Je sais qu'il comble les vides que je traîne avec moi par sa présence. Il est resté quand tout s'écroulait autour de moi, quand ma famille se déchirait. Il est resté après tout. Pour des raisons qui me sont inconnues.

 

Nous développons une dépendance l'un envers l'autre, réconfortante d'abord, puis maladive et toxique. Nous en serons peu à peu conscients.

 

Qu'arrivera-t-il quand je voudrais sortir de cette histoire, puisque tout a un début et une fin? Me laissera-t-il partir sans lutter? J'espère qu'il ne luttera pas. Je n'aime pas beaucoup les drames. Je préfère m'esquiver en douceur. Livrera-t-il bataille pour garder son jouet?

 

Dans la soirée de Serguei Ivanov où je m’emmerde en attendant Alexander, il y a cette fille qui me fixe sans arrêt. Elle est belle avec sa peau ébène. Dangereusement belle. Je saurais plus tard qu'elle s'appelle Aicha. Elle est plus vieille que moi d’une dizaine d’années. Elle m’interpelle sans me saluer.

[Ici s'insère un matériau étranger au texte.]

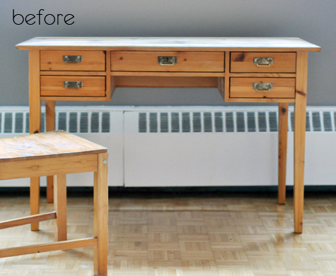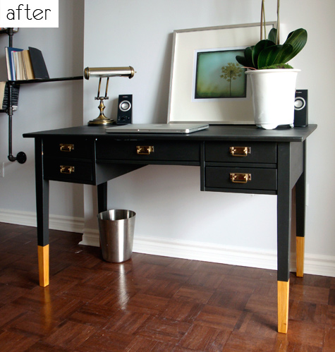 Good evening to you, hope you’ve had a great weekend. I wanted to share this great ‘before and after’ that I came across on Design*Sponge this week as I thought it was fantastic. It makes me want to do something similar – I just need to find an old desk first!
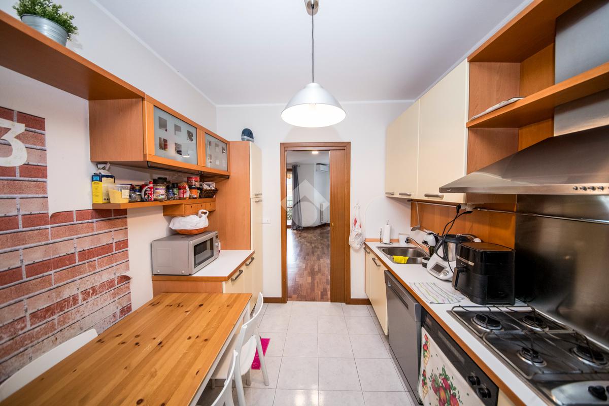 Soluzione composta da ingresso sull'ampio e luminoso soggiorno con cucina abitabile, 2 camere, doppi servizi, tre bei balconi e tripla esposizione.
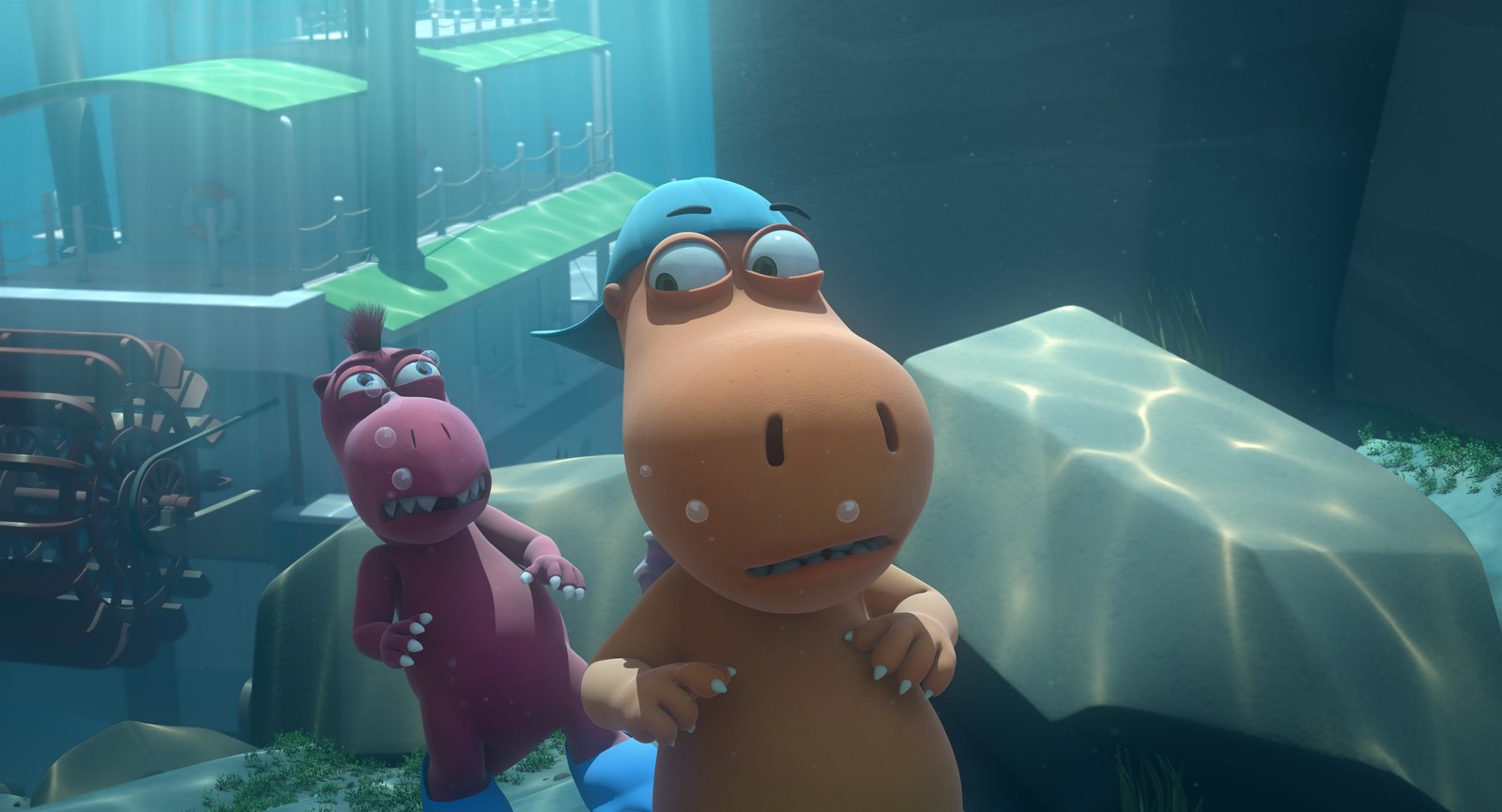 Nachdem ihr Dampfer auf den Meeresgrund gesunken ist, tauchen Oskar und Kokosnuss noch einmal in die Tiefe hinab, um nach ihrer Freundin Matilda zu suchen.Bild: © ZDF und Caligari Film.
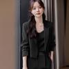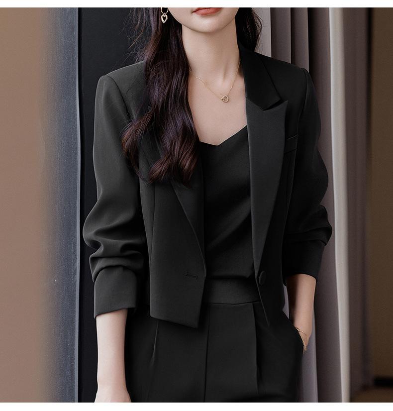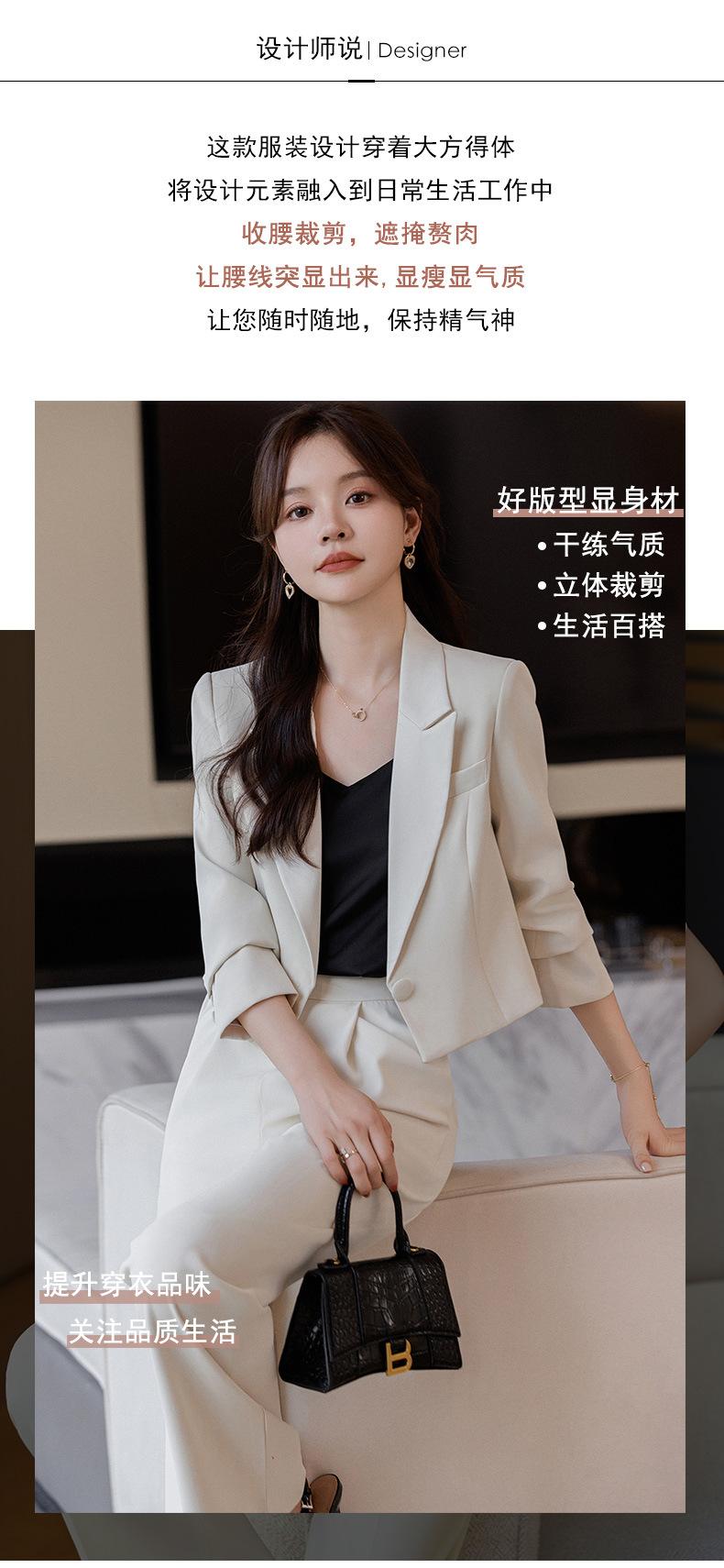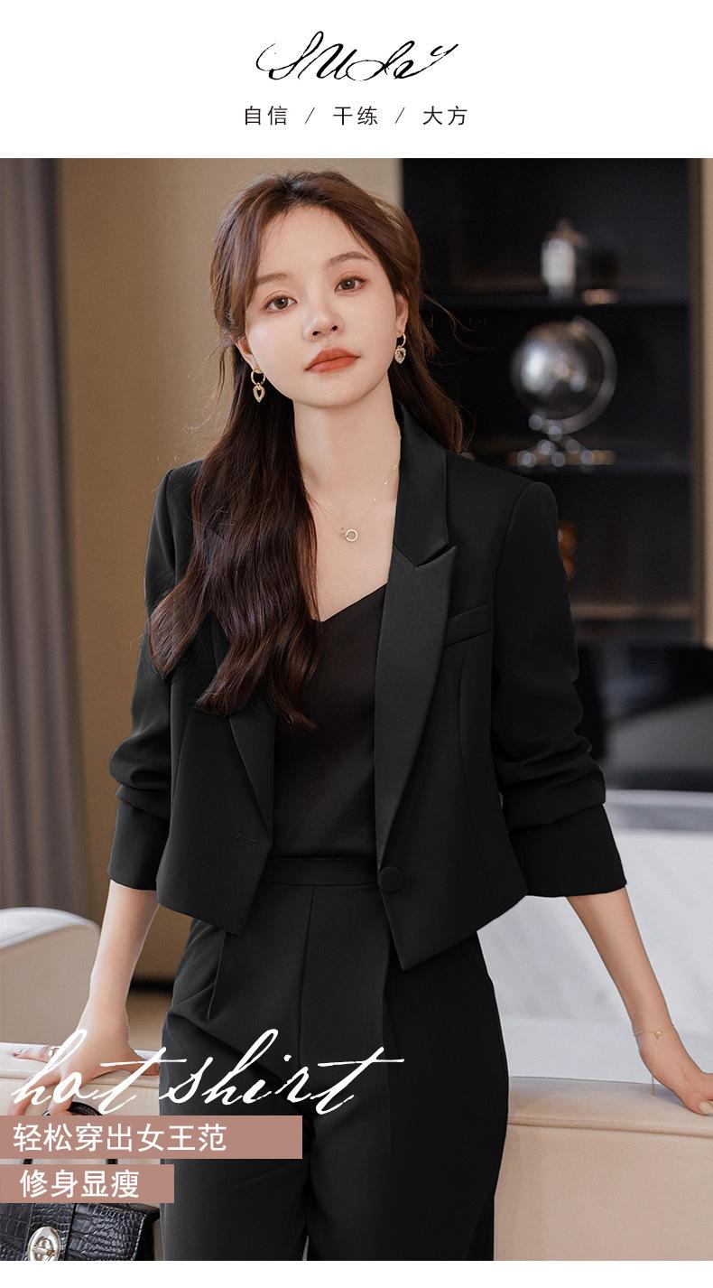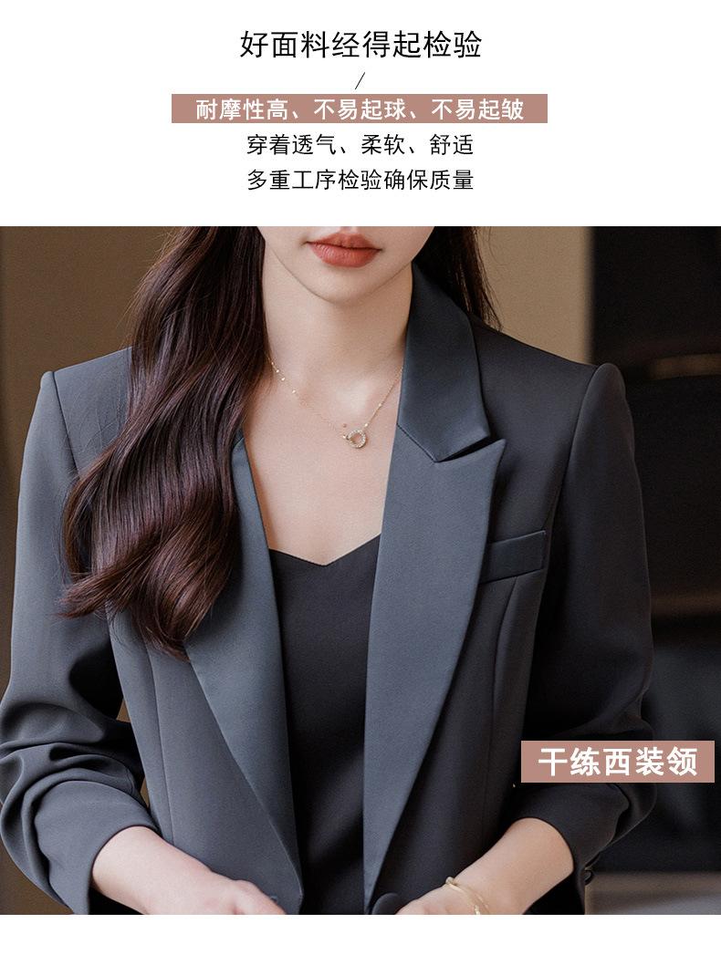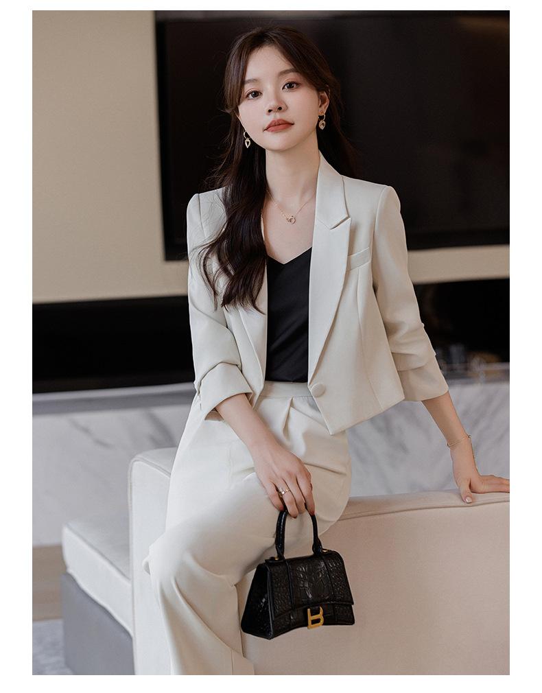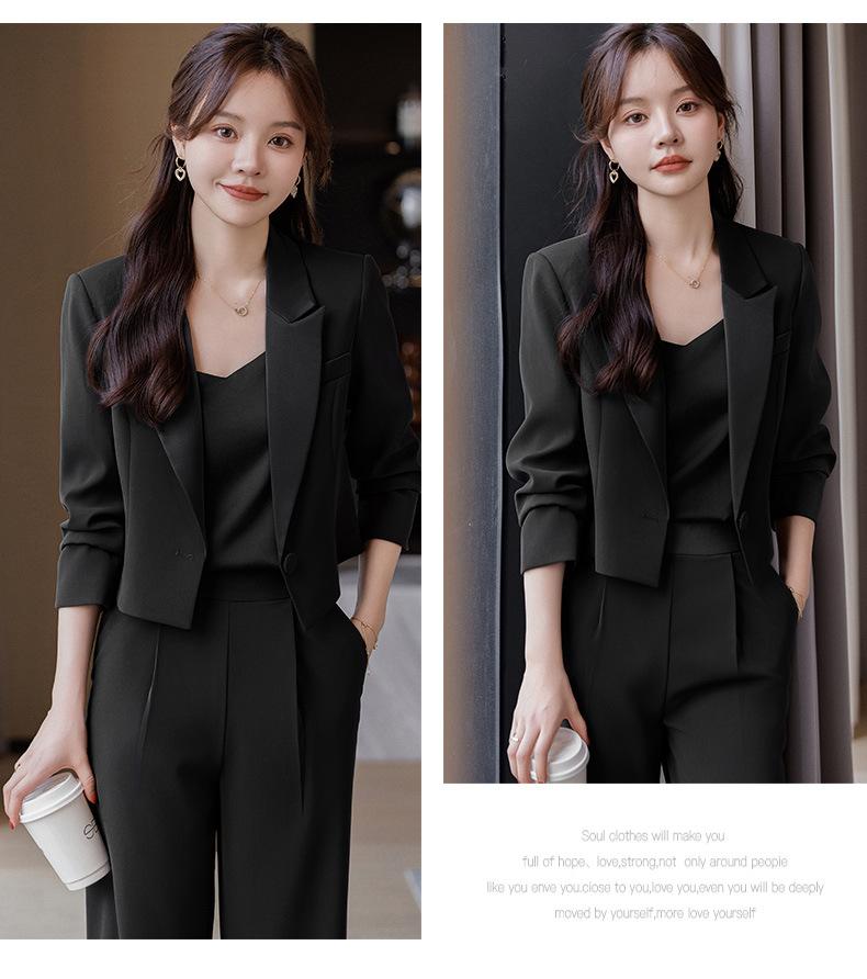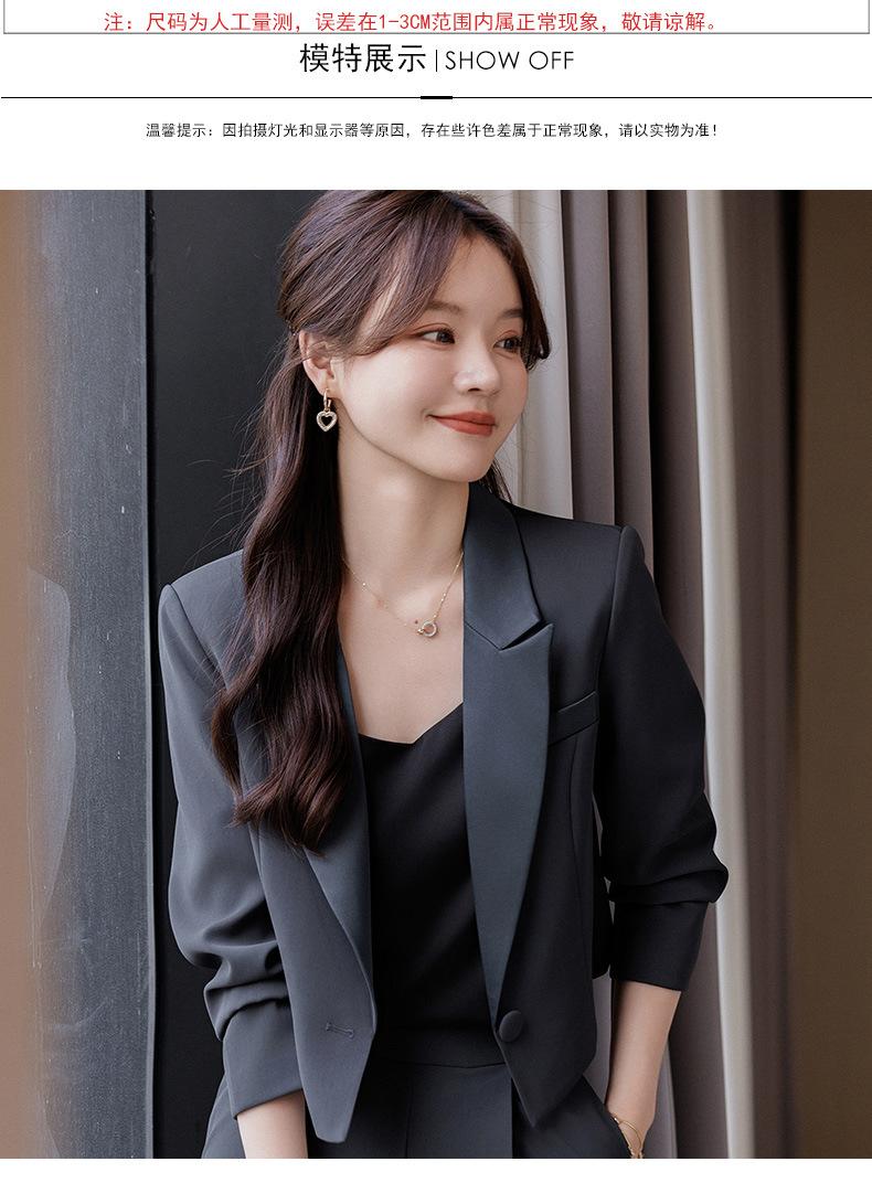 Compra 2024 Primavera y otoño nuevo gris manga larga corto profesional pequeño traje cuello chaqueta mujer pantalones traje de dos piezas moda al por mayor en Joom.pro

-          Hey, tu es venue avec Xander?

-          Tu le connais? demandai-je un peu surprise, en retrait, adossée sur la balustrade au premier étage. En face, la mer et les vagues qu'on entend.

Xander se lierait avec cette fille? Il était capable de me demander que je lui sois entière alors que lui ne respectait pas notre entente, notre exclusivité.  Elle n'était pourtant pas son genre. Enfin, le connaissais-je suffisamment pour lui faire confiance?

 

La jeune femme a un sourire complaisant à mon égard.

-          Qu’est-ce que tu crois? je connais tout le monde ici. Ça fait longtemps que vous êtes ensemble?

Je ne lui réponds pas. Je n'en ai pas envie. Je ne la connais pas. Elle prend ma méfiance pour de la prétention. Mon attitude l'offusque et elle décide de m’attaquer. 

-          Tu te crois différente de moi et de toutes celles qui sont ici? lança Aicha en me narguant.

Je me doutai qu’il s’agissait d’une affirmation plus qu'une question. Certaines filles autour en l’entendant, ricanèrent.

Aicha continua sur sa lancée, ravie d'avoir de l'attention, assoiffée du sang de la colombe que j'étais, elle aurait voulu enfoncer ses griffes en moi et me détruire.

-          Tu penses que tu es spéciale parce que tu as l'impression qu'il te traite différemment, qu'il est gentil avec toi? Regarde-toi seulement dans un miroir. Tu es une putain comme nous autres. Il te paie pour tes services, il t'entretient alors que tu as l'impression qu'il prend soin de toi et surtout il te prend quand ça lui chante... Dis-moi ce que c'est alors...

Je dis à la fille naïvement (où j'avais puisé tant de naïveté?) que ce n'était pas la même chose, que Xander avait de l'affection pour moi, qu'il m'aimait bien…

 

Elle eut pitié de moi.

-          Pourquoi à ton avis? tu as quel âge? 16? 17 ans? ... une enfant. Tu es encore bonne pour quelques années... Tu vas à quelle école déjà?

-          Je n'ai pas besoin de lui! Rétorquai-je, obstinée.

-          Tant qu'il paie, si.

-          Tu ne comprends pas, il ne s’agit pas d’argent.

Aicha est intriguée, elle veut plus en savoir.

-          Si ce n'est pas son argent, alors quoi donc?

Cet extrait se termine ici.